> [Dataset excerpts]:
################
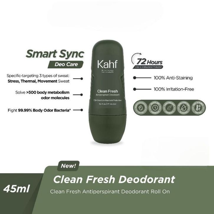 Kahf Antiperspirant Deodorant Roll On 45 Ml Deodorant Pria Menghilangkan Bau Badan Yang Tidak Sedap Clean Fresh
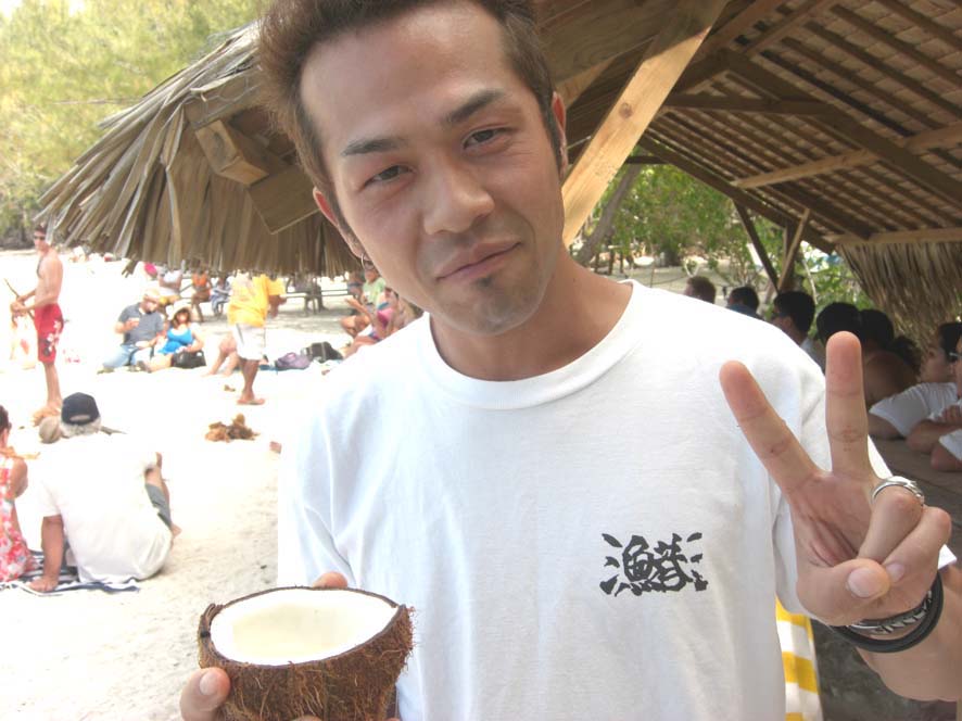 いきなりココナッツ割り大会が始まって、マサヤが日本代表で連れ出されました(笑)
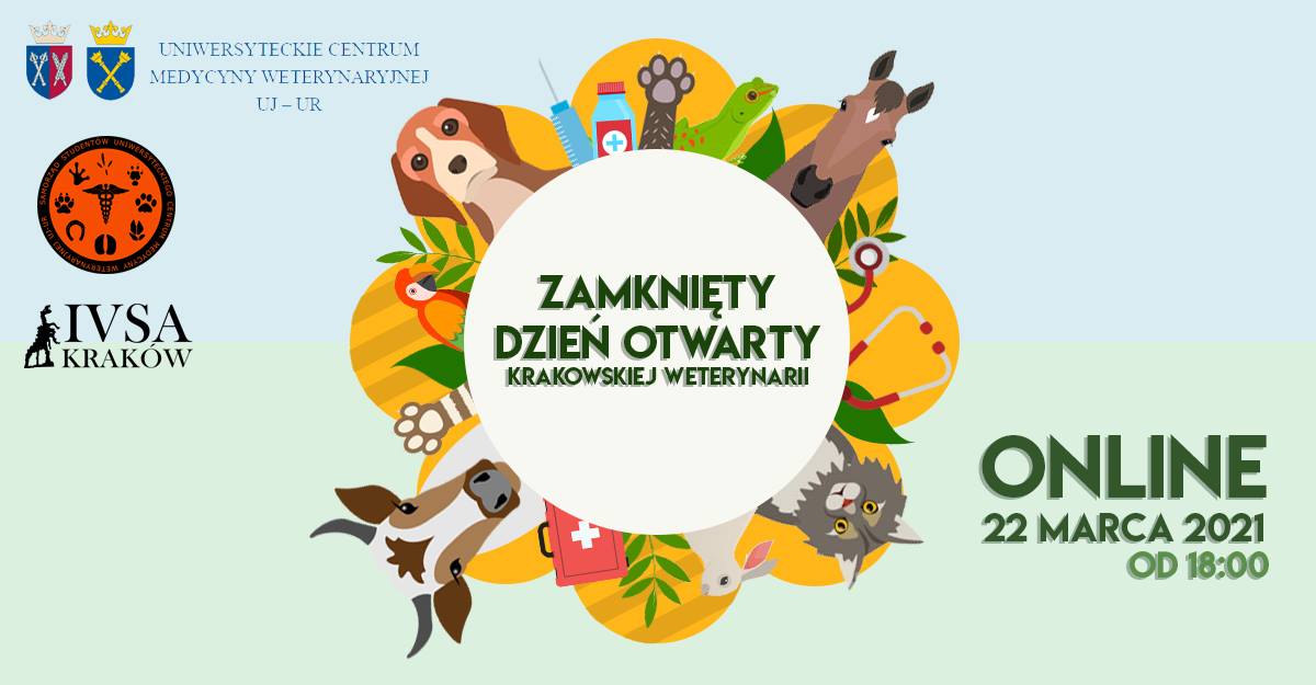 Samorząd Studentów Uniwersyteckiego Centrum Medycyny Weterynaryjnej UJ-UR oraz IVSA Kraków zapraszają Was na organizowany wraz z Uniwersytetem Rolniczym im. Hugona Kołłątaja w Krakowie „Zamknięty Dzień Otwarty” promujący studia weterynaryjne. Spotkanie odbędzie się 22 marca 2021 o godz. 18.00 na platformie ClickMeeting.
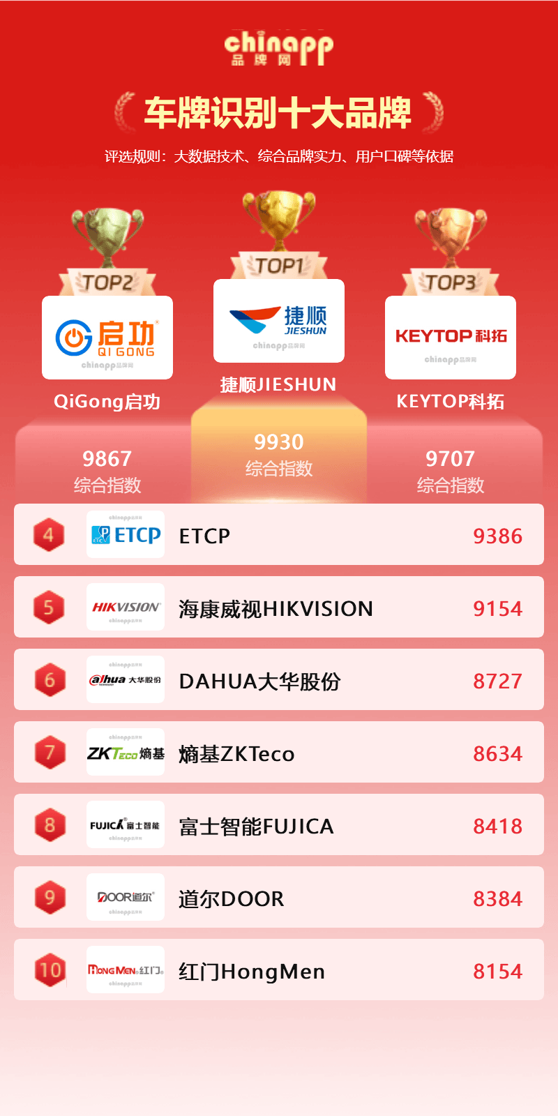 榜单说明:车牌识别十大品牌排名数据是由品牌网chinapp品牌数据研究部门通过收集整理车牌识别品牌资料,品牌网chinapp基于大数据统计、人为根据车牌识别市场及参数条件变化的分析研究专业测评而得出的车牌识别十大品牌排行榜,是大数据、云计算、数据统计真实客观呈现的排名结果。
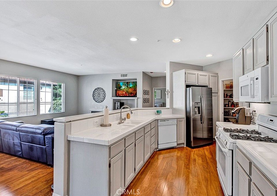 Discover the epitome of comfortable, convenient living at 9 Darlington, nestled in the highly desirable Northwood Pointe community in Irvine. This upper level, end-unit gem, is located in a gated community. Offering the ultimate in privacy and tranquility with no neighbors above or below. A fabulous open floor plan welcomes you, featuring 2 bedrooms, 2 bathrooms and 1,291 SqFt of living space. Relax in the spacious living room with a cozy fireplace, dining area, and a well-appointed kitchen - all thoughtfully arranged on a single floor for effortless living. The open kitchen includes a convenient walk-in food pantry and a separate laundry room for added functionality. Each bedroom is ideally located for additional privacy. The primary has custom closets for added organization and storage. Enjoy the indoor-outdoor living with access to a generously-sized balcony, perfect for lounging. For additional ease, enter the home through the direct access, attached garage. The garage has custom overhead racks for even more storage. This home is located near many amenities of the community, featuring pools, spas, tennis courts, various athletic fields, BBQ areas, and picnic spots. Benefit from the great shopping, dining, schools, and freeways that are all located within minutes of this home.
################
> [WORK REQUIRED]:
Exactly and only the lines from the top of the records down to the line containing "榜单说明:车牌识别十大品牌排" should be transcribed, please, without the pictures.

> [TASK OUTPUT]:
 Kahf Antiperspirant Deodorant Roll On 45 Ml Deodorant Pria Menghilangkan Bau Badan Yang Tidak Sedap Clean Fresh
 いきなりココナッツ割り大会が始まって、マサヤが日本代表で連れ出されました(笑)
 Samorząd Studentów Uniwersyteckiego Centrum Medycyny Weterynaryjnej UJ-UR oraz IVSA Kraków zapraszają Was na organizowany wraz z Uniwersytetem Rolniczym im. Hugona Kołłątaja w Krakowie „Zamknięty Dzień Otwarty” promujący studia weterynaryjne. Spotkanie odbędzie się 22 marca 2021 o godz. 18.00 na platformie ClickMeeting.
 榜单说明:车牌识别十大品牌排名数据是由品牌网chinapp品牌数据研究部门通过收集整理车牌识别品牌资料,品牌网chinapp基于大数据统计、人为根据车牌识别市场及参数条件变化的分析研究专业测评而得出的车牌识别十大品牌排行榜,是大数据、云计算、数据统计真实客观呈现的排名结果。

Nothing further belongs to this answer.